Despite certain positive changes the problem remains very serious
26 June is International Day in Support of Victims of Torture. Protests to mark this day took place in many Ukrainian cities. This is a report of the press conference which took place in Kharkiv.
26 June 2012
The use of torture is a flagrant violation of human rights and strongly condemned in international law, in particular in the Universal Declaration of Human Rights, the UN International Convention on Civil and Political Rights; the European Convention on Human Rights which stated that nobody shall be subjected to torture or cruel, inhuman or degrading treatment or punishment.
Torture and ill-treatment in Ukraine is a systemic phenomenon as human rights organizations have repeatedly stressed in their reports which are used by national and international organizations to assess the general human rights situation in the country.
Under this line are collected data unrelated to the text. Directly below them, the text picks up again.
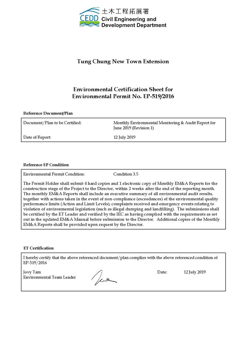 This EM&A Report presents the findings of the EM&A activities undertaken during the period from 1 to 30 June 2019 in accordance with the Updated EM&A Manual and the requirements of the Environmental Permit (EP-519/2016).
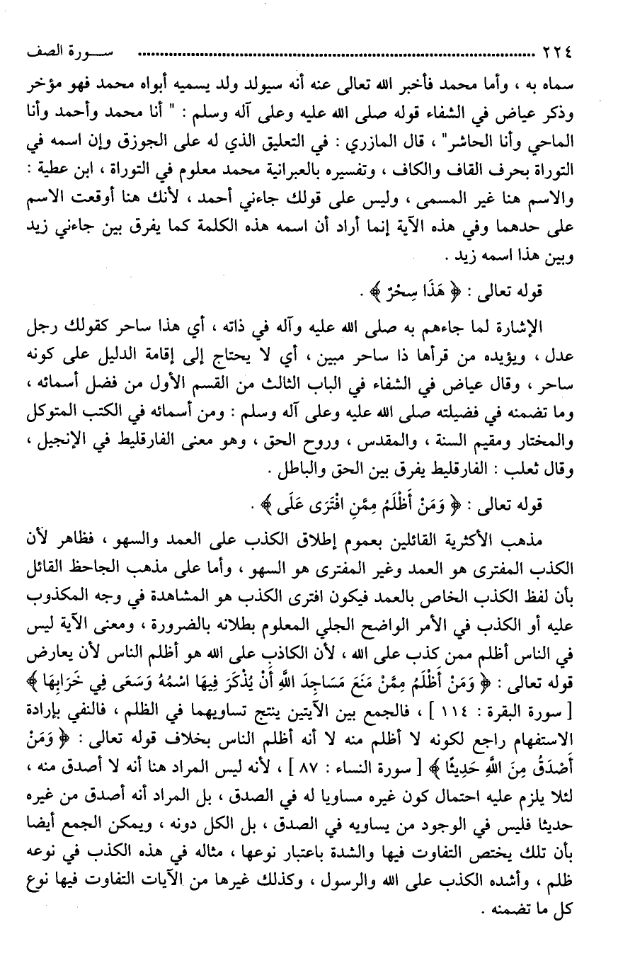 مذهب الأكثرية القائلين بعموم إطلاق الكذب على العمد والسهو، [ظاهر*] لأن الكذب المفترى هو العمد وغير المفترى هو السهو، وأما على مذهب الجاحظ القائل بأن لفظ الكذب الخاص بالعمد، فيكون افترى الكذب هو المشاهدة في وجه المكذوب عليه، أو الكذب في الأمر الواضح الجلي المعلوم بطلانه بالضرورة، ومعنى الآية ليس في النَّاس أظلم ممن كذب على الله، لأن الكاذب على الله هو أظلم النَّاس [ولا*] يعارض قوله تعالى: (وَمَنْ أَظْلَمُ مِمَّنْ مَنَعَ مَسَاجِدَ اللَّهِ أَنْ يُذْكَرَ فِيهَا اسْمُهُ وَسَعَى فِي خَرَابِهَا)، فالجمع بين الآيتين ينتج تساويهما في الظلم، فالنفي بإرادة الاستفهام راجع لكونه لَا أظلم منه لَا أنه أظلم النَّاس؛ بخلاف قوله تعالى: (وَمَنْ أَصْدَقُ مِنَ اللَّهِ حَدِيثًا)، لأنه ليس المراد هنا أنه لَا أصدق منه، لئلا يلزم عليه احتمال كون غيره مساويا له في الصدق، بل المراد أنه أصدق من غيره حديثا، فليس في الوجود من يساويه في الصدق، بل الكل دونه، ويمكن الجمع أيضا بأن تلك يختص التفاوت فيها والشدة باعتبار نوعها، مثاله في هذه، الكذب في نوعه ظلم، وأشده الكذب على الله والرسول، وكذلك غيرها من الآيات التفاوت فيها نوع كل ما تضمنه.
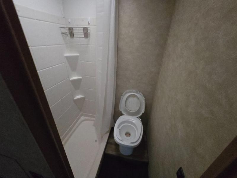 The front features a queen size bed with storage wardrobe, overhead cabinets, and a private toilet and tub/shower, plus separate sink.
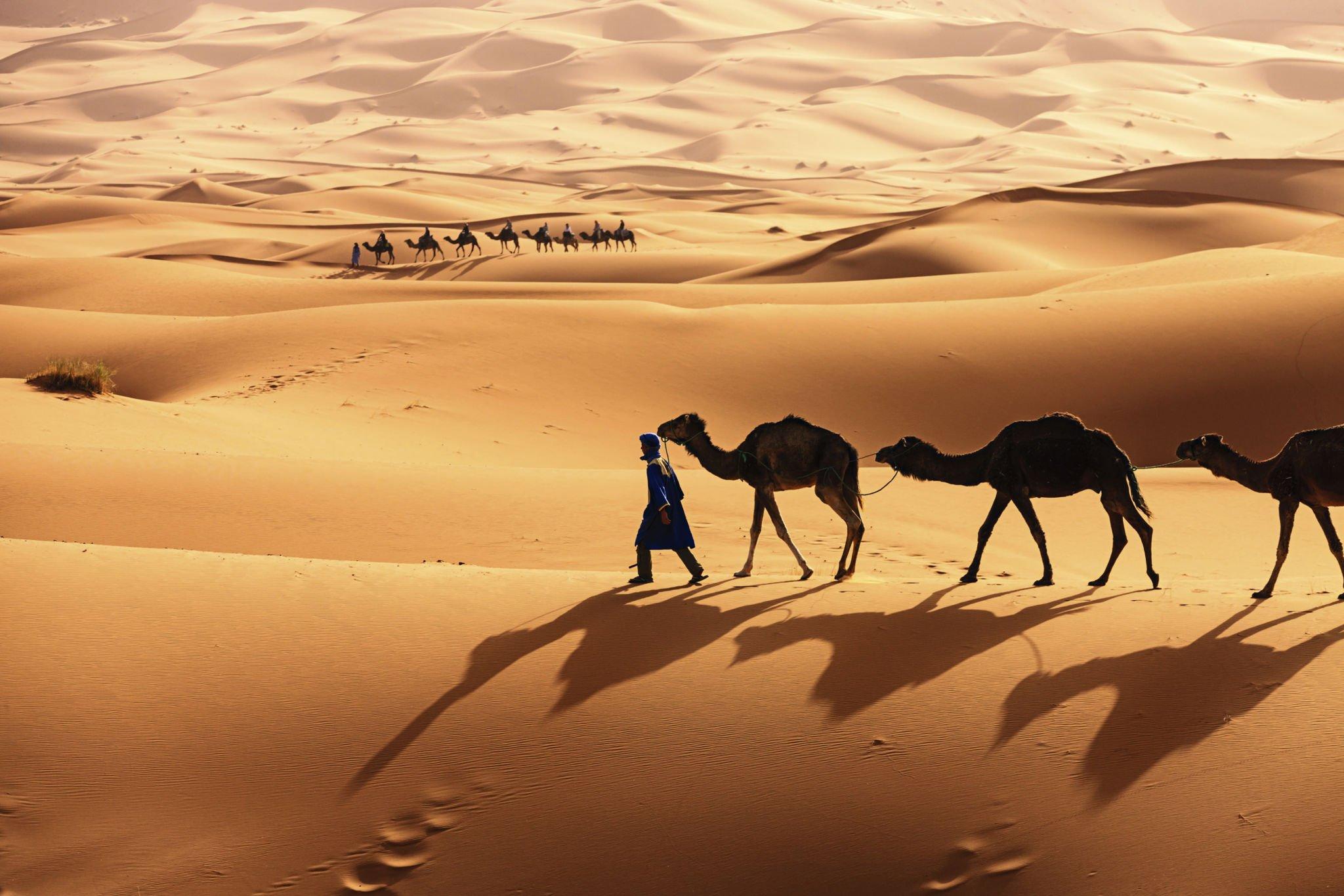 Día completo de inmersión en el Sáhara. Visitarás asentamientos nómadas para conocer su forma de vida y el pueblo de Khamlia para un concierto de música Gnawa. Según la temporada, podrás ver el lago de Merzouga y sus flamencos. Al atardecer, te adentrarás en las dunas para llegar a un campamento de lujo en el desierto. La cena bajo las estrellas y la serenidad del Erg Chebbi te envolverán en una noche mágica e inolvidable.

The press conference was given by:
Yevhen Zakharov, Co-Chair of KHPG
Marina Shuhalyova, from the KHPG Advice Centre
Yevhen Zakharov: “Today is International Day in Support of Victims of Torture. On this day in 1986 the Convention against Torture came into force. On this day our organization tries to give a summary of our work in fighting torture during the year; review new trends; new cases and tell journalists about this. In 2010-2011 the number of allegations of torture increased significantly. In 2009 sociological research showed that the estimated number of people who had suffered was a little higher than 600 thousand; over a year – in 2010 around 790 thousand; in 2011 0 984 thousand. This number thus grew steadily. We are talking about victims of torture and other forms of unlawful violence by the police.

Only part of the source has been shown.